DARPA intends to revolutionize machine learning
Almost every news from DARPA related to robots and artificial intelligence is inevitably accompanied by snapped comments about Skynet. But this time they will be surprisingly appropriate. The Agency's new research program is devoted to probabilistic programming for solving advanced machine learning tasks (Probabilistic Programming for Advanced Machine Learning or PPAML). According to program manager Kathleen Fisher, DARPA intends to do as much as "Do for machine learning what the advent of high-level languages 50 years ago did for programming in general."
Machine learning algorithms are already widely used in consumer technologies - anti-spam, speech recognition, car robots and for analyzing gigantic amounts of data in medicine or finance. Naturally, the prospects of machine learning are interesting for the military as well. At the same time, there are no universally accepted universal tools for creating intelligent systems. Because of this, you have to constantly invent bicycles, over and over again implement algorithms similar to two drops of water, build an architecture from scratch.
The set of approaches and paradigms used in machine learning is called probabilistic programming.". Tools, libraries and programming languages for him have not yet left the walls of universities, and their list is quite short. DARPA intends to change this situation.
Among the goals of the program are to radically reduce the complexity of creating machine learning systems, lower the threshold for entering intelligent programming into programs, and improve basic machine learning algorithms, the maximum use of modern hardware technologies - multi-core processors and GPUs, cloud computing, the creation and standardization of AP I for linking machine learning infrastructure elements into a single system
PPAML program is designed for 46 months. Detailed conditions and requirements will be announced on April 10 at a presentation in Arlington, Virginia. For now, you can download the PDF with a brief description of the program.
Machine learning algorithms are already widely used in consumer technologies - anti-spam, speech recognition, car robots and for analyzing gigantic amounts of data in medicine or finance. Naturally, the prospects of machine learning are interesting for the military as well. At the same time, there are no universally accepted universal tools for creating intelligent systems. Because of this, you have to constantly invent bicycles, over and over again implement algorithms similar to two drops of water, build an architecture from scratch.

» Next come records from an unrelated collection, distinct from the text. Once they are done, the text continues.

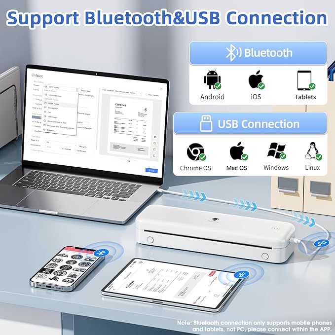 - Phomemo M834 Mobile Printer 【Upgrade 4】High Compatibility: This portable thermal printer is compatible with various devices, including Android and iOS smartphones, tablets, Windows 10/11, Linux, and macOS laptops. Simply connect it to your device via Bluetooth for smartphones or USB for PCs, and you're ready to print. It's that easy and fast! (Note: PC devices only work with USB connection and require driver installation.)
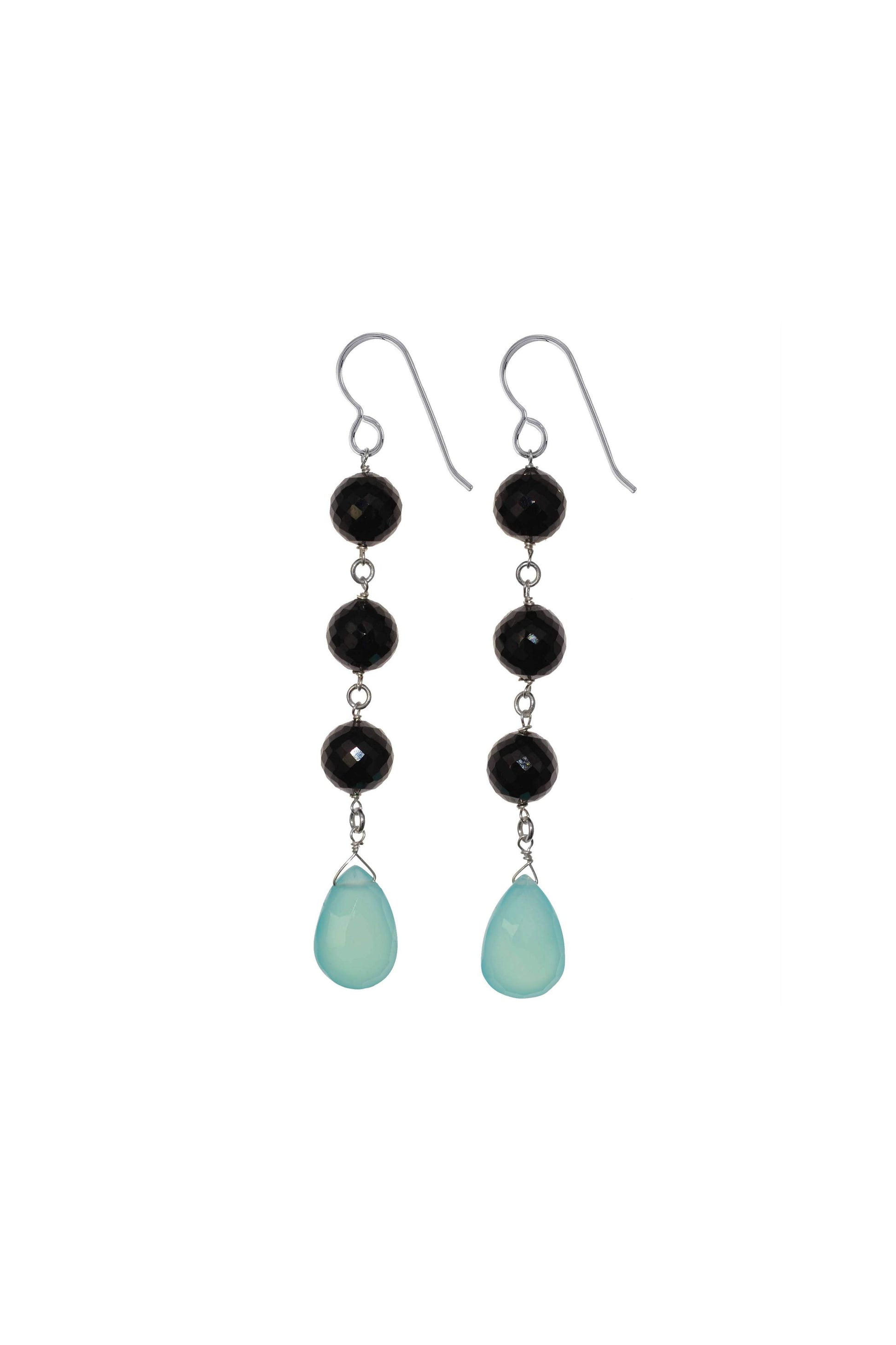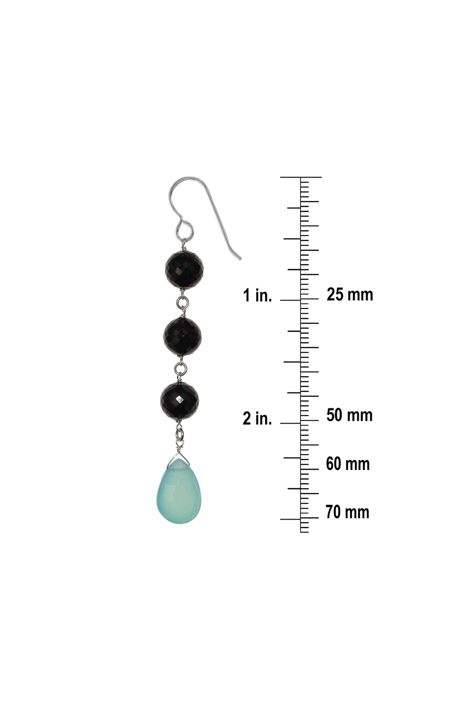 This elegant pair of long dangle earrings are handmade with two carribean sea blue aqua chalcedony briolette gemstones, measuring about 9.50 carats, and accentuated by six black spinel gemstone beads.
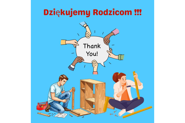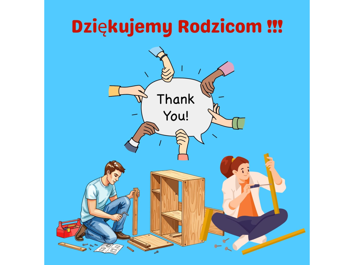 Serdecznie dziękujemy Rodzicom, którzy poświęcili swój czas i cały weekend, aby pomóc w montażu nowych mebli. Dzięki Państwa zaangażowaniu, życzliwości i ogromnej pracy sala nabrała pięknego, funkcjonalnego wyglądu i jest już gotowa, by służyć dzieciom. DZIĘKUJEMY BARDZO PAŃSTWU : MAGDA KAPEL, ALEKSANDER DAGIEL, SŁAWOMIR KOZŁOWSKI, TOMASZ ZYWERT, KAMIL FIRYN, NATALIA I MIKOŁAJ ROJTEK, ANNA I ŁUKASZ RYCHLIK, ALEKSANDRA I PATRYK GUZICCY, AGATA I MATEUSZ SOCHAŃ. Państwa pomoc, cierpliwość i dobra energia są nieocenione. To wspaniałe, że możemy liczyć na taką wspłracę i wsparcie.
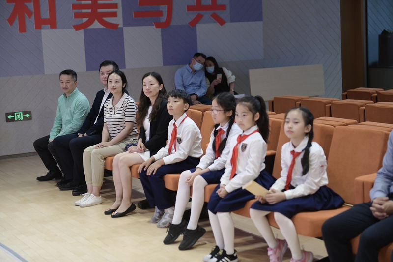 接著我校家長代表章爸爸介紹了本次義賣活動的體驗與收獲,大隊輔導員胡老師介紹了活動目的及善款用途,胡弢代表康健街道黨工委介紹了教育黨建聯盟的相關工作,家、校、社合力,共同打造樂美康健。

The set of approaches and paradigms used in machine learning is called probabilistic programming.". Tools, libraries and programming languages for him have not yet left the walls of universities, and their list is quite short. DARPA intends to change this situation.
Among the goals of the program are to radically reduce the complexity of creating machine learning systems, lower the threshold for entering intelligent programming into programs, and improve basic machine learning algorithms, the maximum use of modern hardware technologies - multi-core processors and GPUs, cloud computing, the creation and standardization of AP I for linking machine learning infrastructure elements into a single system
PPAML program is designed for 46 months. Detailed conditions and requirements will be announced on April 10 at a presentation in Arlington, Virginia. For now, you can download the PDF with a brief description of the program.